--- DATA SHOWN ---

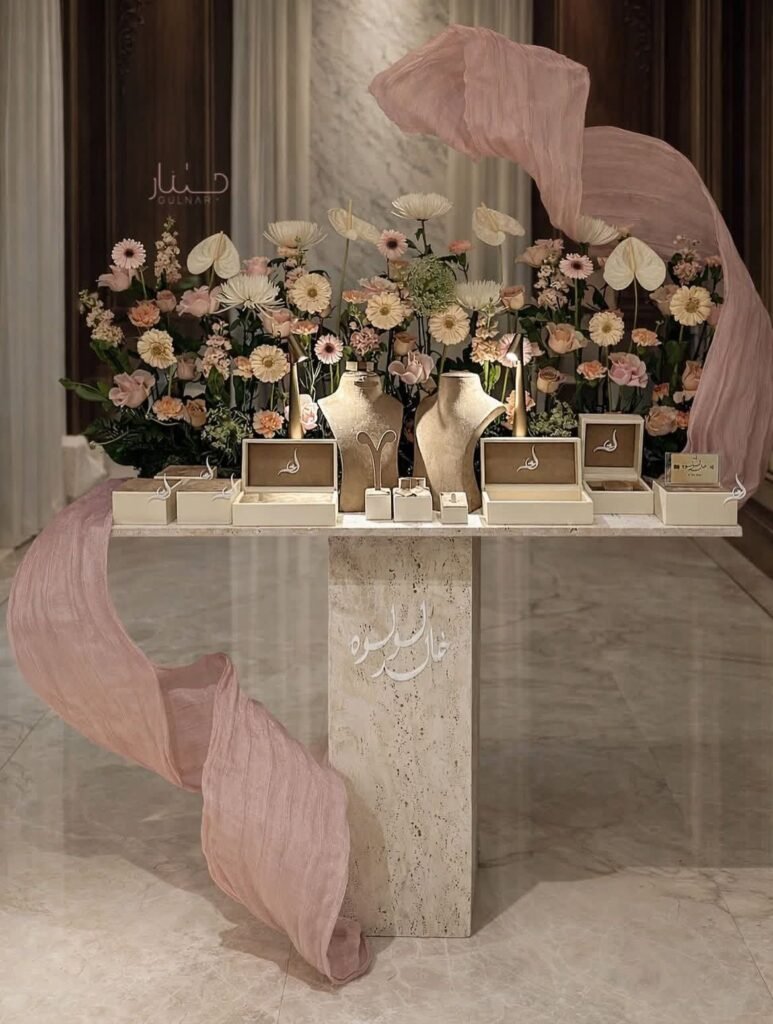 Jewelry table displays showcase elegant pieces in a stylish and organized way, adding a touch of luxury to any event.
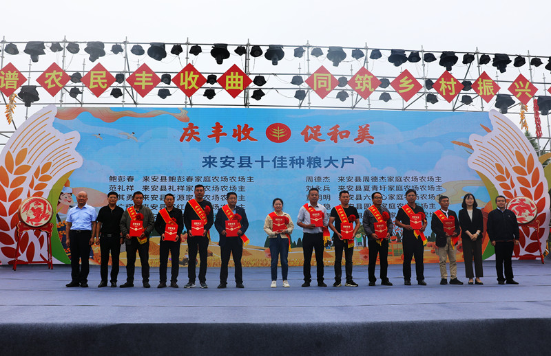 “热闹,喜庆,让人感受到浓浓的丰收的喜悦。”坐在台下的雷官镇农民代表侯松伟不由自主地跟着鼓点节奏打着节拍,侯松伟原本在上海担任一家全国连锁企业的片长,2015年,因父亲突发脑溢血,他决定回到家乡,接手父亲经营的家庭农场。回来后,他抓住一切机会学习粮食种植知识和技能,购买植保无人机等农业机械用于生产,创办农机合作社,开展农机社会化服务,还利用网络售卖农产品,2022年,农场利润达到120万元,今年,他还被评为“来安县十佳种粮大户”,在此次丰收节活动现场接受了表彰。“现在的政策、环境都这么好,在农村大有可为。”侯松伟说。
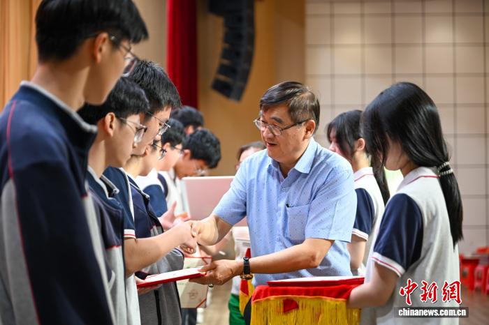 吴发彬为优秀学生发放奖学金。台州台办供图
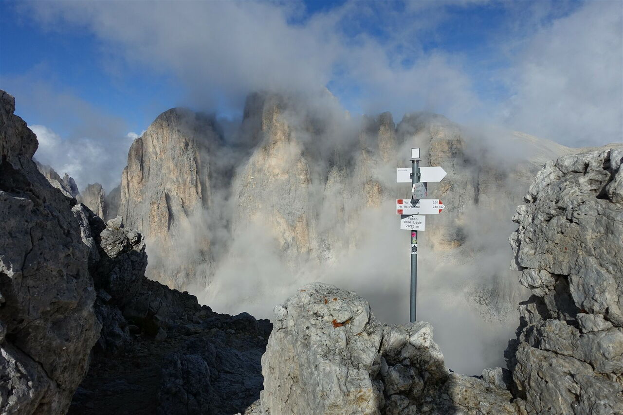 Von dem 01 Rifugio di Rosetta (2.581 m) entfernen wir uns in östliche Richtung auf dem breiten Wanderweg. Den sofort folgenden linken Abzweiger zum Rifugio Mulaz (siehe Tour 42) ignorieren wir und bei dem nachfolgenden Wegweiser folgen wir halb rechts dem abzweigenden Wanderweg 709 zum Passo di Pradidali Basso. Ein Pfad ist auf der karstigen Palahochfläche nur schwer auszumachen. Steinmännchen und weiß-rote Markierungen helfen bei der Orientierung, die bei schlechter Sicht umso schwieriger wird.
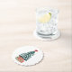 Add a touch of Christmas magic to your home with this cute seasonal coaster, featuring a classic snow-covered Christmas tree topped with a red bow and surrounded by festive wrapped gifts. This scalloped paper coaster is great for a Christmas dinner party with your loved ones.
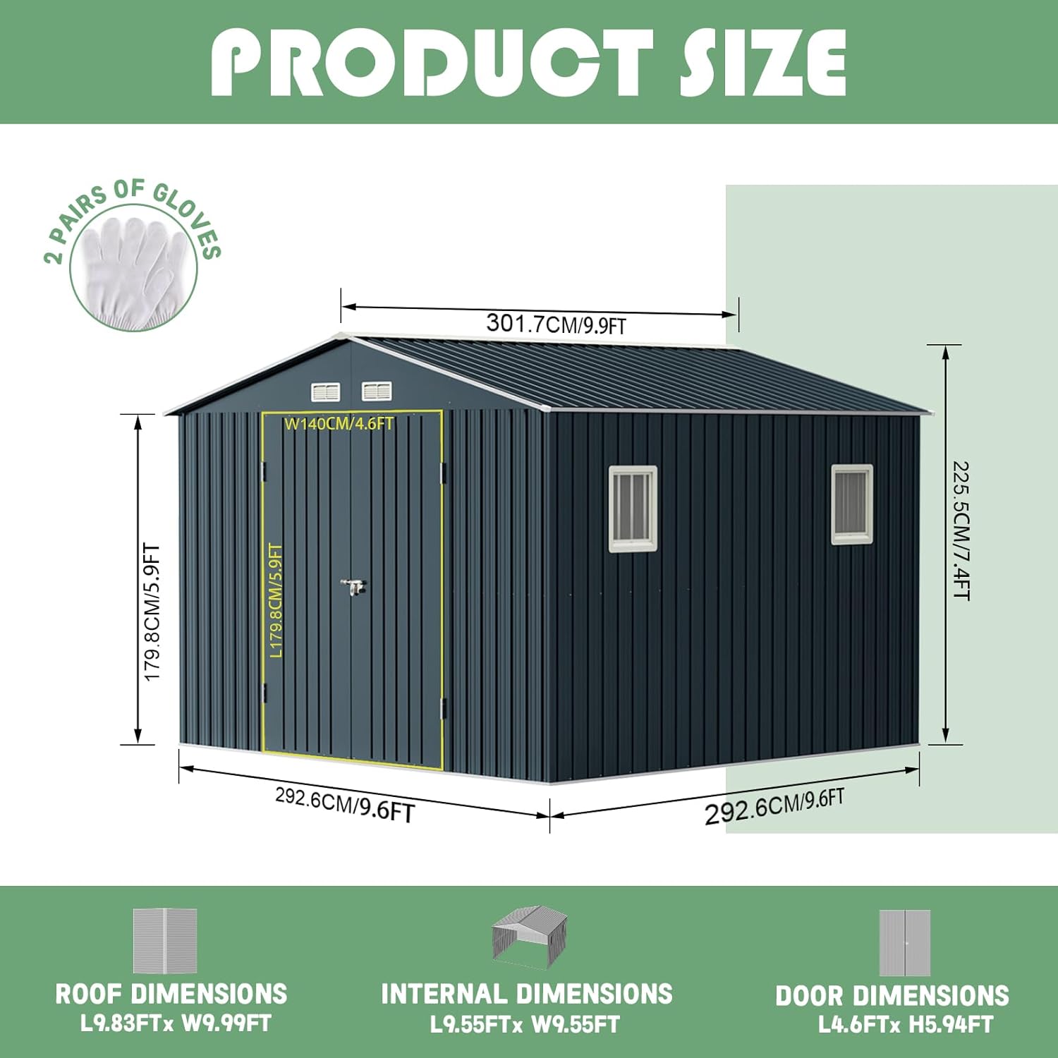 - Durable Construction: Crafted from galvanized steel, this shed is rust-resistant and weatherproof, ensuring long-lasting durability even in tough outdoor conditions.

---

◆ AIM OF THE TASK ◆
Would you reproduce the lines above, from the very first through the line containing "吴发彬为优秀学生发放奖学金。台州台办供图", exactly and without the pictures?

◆ RESPONSE BOX ◆
 Jewelry table displays showcase elegant pieces in a stylish and organized way, adding a touch of luxury to any event.
 “热闹,喜庆,让人感受到浓浓的丰收的喜悦。”坐在台下的雷官镇农民代表侯松伟不由自主地跟着鼓点节奏打着节拍,侯松伟原本在上海担任一家全国连锁企业的片长,2015年,因父亲突发脑溢血,他决定回到家乡,接手父亲经营的家庭农场。回来后,他抓住一切机会学习粮食种植知识和技能,购买植保无人机等农业机械用于生产,创办农机合作社,开展农机社会化服务,还利用网络售卖农产品,2022年,农场利润达到120万元,今年,他还被评为“来安县十佳种粮大户”,在此次丰收节活动现场接受了表彰。“现在的政策、环境都这么好,在农村大有可为。”侯松伟说。
 吴发彬为优秀学生发放奖学金。台州台办供图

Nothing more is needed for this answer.